= Blue Eyes (musical) =

1928 musical by Jerome Kern

Blue Eyes is a musical composed by Jerome Kern, with a book and lyrics by Guy Bolton and Graham John. Orchestrations were by Robert Russell Bennett, and the original producer was Lee Ephraim. The musical was a historical comedy and romance set against the backdrop of Jacobite Charles Edward Stuart's attempts to restore the House of Stuart to the British throne. In the plot of Blue Eyes a London actress disguises herself as a soldier to help her brother who has been imprisoned by the Duke of Cumberland in the aftermath of the Battle of Culloden. It starred Evelyn Laye, and comic relief was provided by W. H. Berry, who "disguised himself as a silly Scotsman, a flea circus owner [and a] French dancing teacher".

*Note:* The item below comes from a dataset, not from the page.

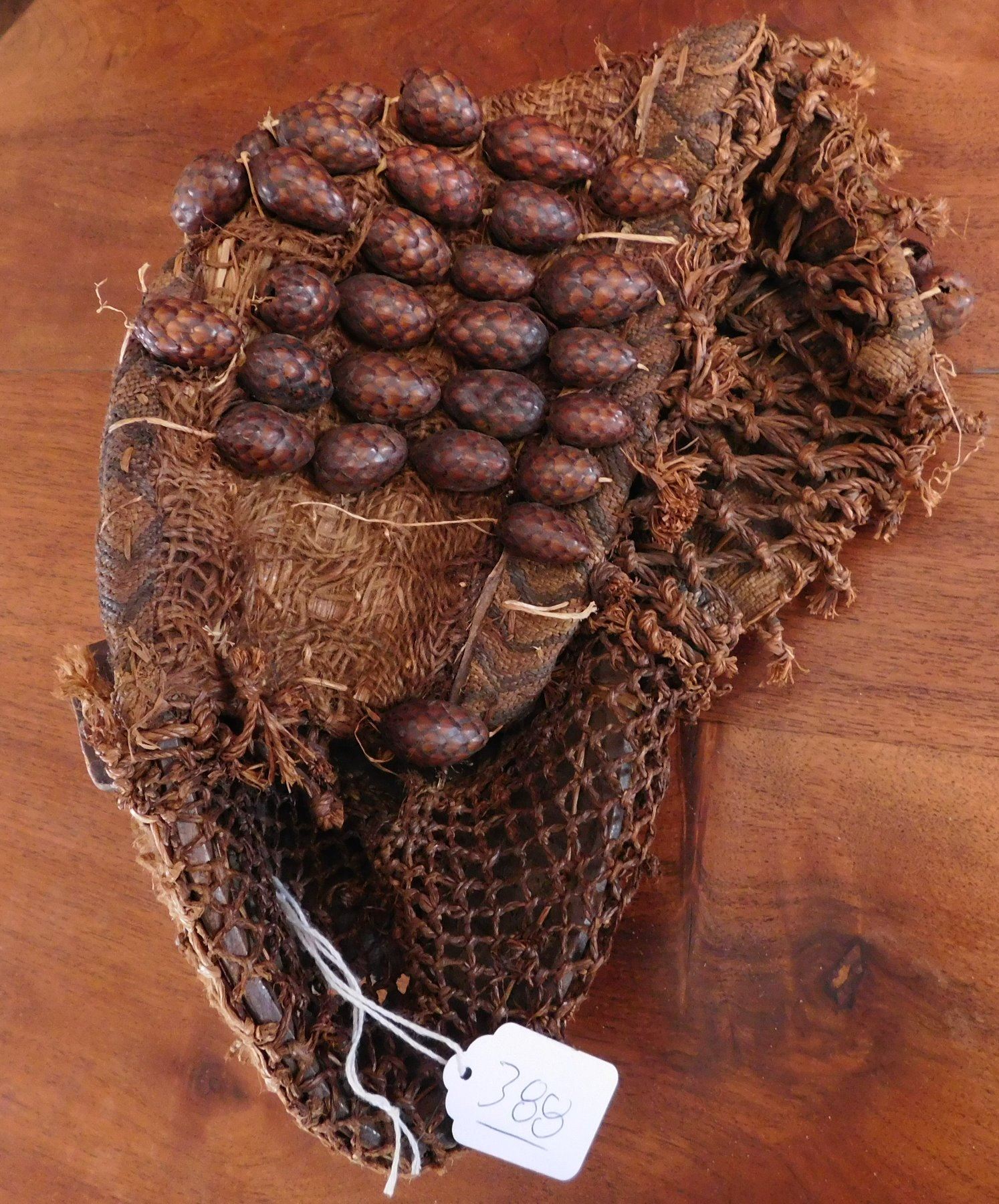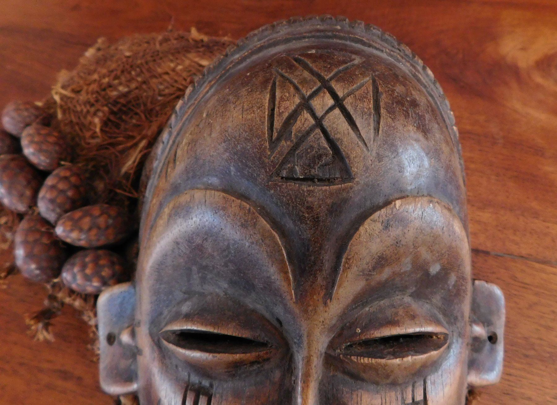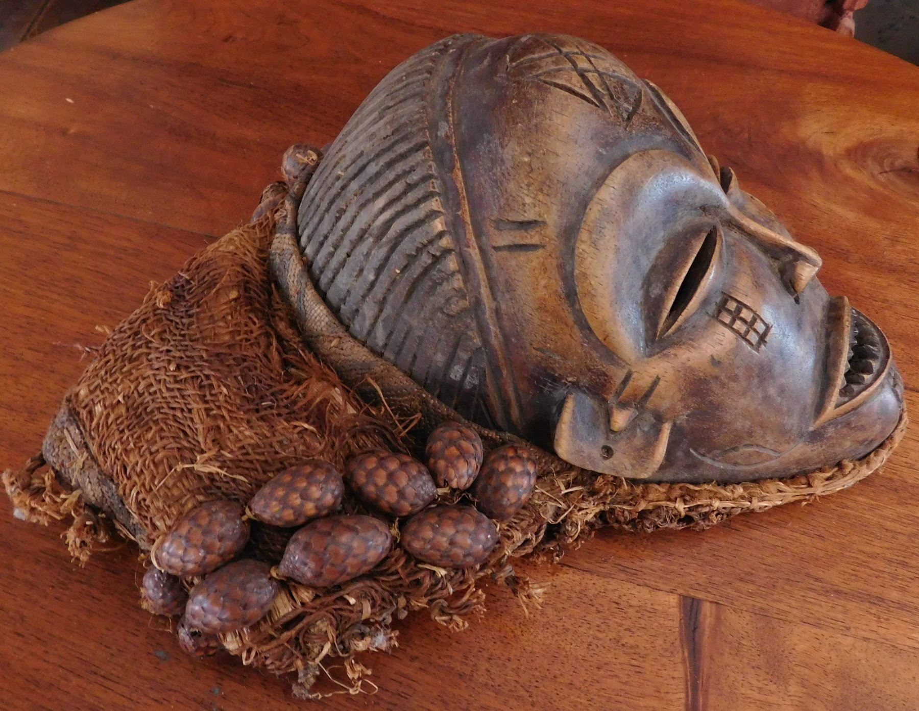Chokwe Mask, early 20th century item. Made of hardwood and raffia, seed pods, the item measures 11". Congo. Scarification on face. Condition: Good, see images. Shipping: $24.50 w/insurance and signature.

It was the first production at London's new Piccadilly Theatre, opening on 27 April 1928, and transferred to Daly's Theatre in July, before finishing its run of eight months, for a total of 327 performances.

The cast recording with the Piccadilly Theatre Orchestra was issued by Columbia Records.

The musicologist Thomas Hischak described Kern's score for Blue Eyes as featuring some "entrancing songs", particularly praising "Back to the Heather", "Charlie Is the Darling of My Heart", and the comic song "In Vodeodo". Hischak felt that the score was closer to that of an operetta than a musical comedy. The song "Do I Do Wrong" was cut from the production before the musical opened. The melody was later used for Kern's "You're Devastating" from his 1933 musical Roberta.

==1928 London cast==
- Evelyn Laye as Nancy Anne Bellamy
- George Vollaire as Jamie
- Bertram Wallis as the Duke of Cumberland
- Geoffrey Gwyther as Sir George
- Sylvia Cecil as Flora Campbell
- W. H. Berry as Pilbeam

==Songs==
- "Back to the Heather"
- "Blue Eyes"
- "Bow Belles"
- "Charlie Is the Darling of My Heart"
- "The Curtsey"
- "Fair Lady"
- "The Good King James"
- "Henry"
- "His Majesty's Dragoons"
- "In Love"
- "In Vodeodo"
- "Long Live Nancy"
- "No One Else But You"
- "Praise the Day"
- "Prince Do and Dare"
- "Romeo and Juliet"
- "Someone"
- "Trouble About the Drama"
Songs as listed in Stephen Suskin's Show Tunes : The songs, shows, and careers of Broadway's major composers (2010)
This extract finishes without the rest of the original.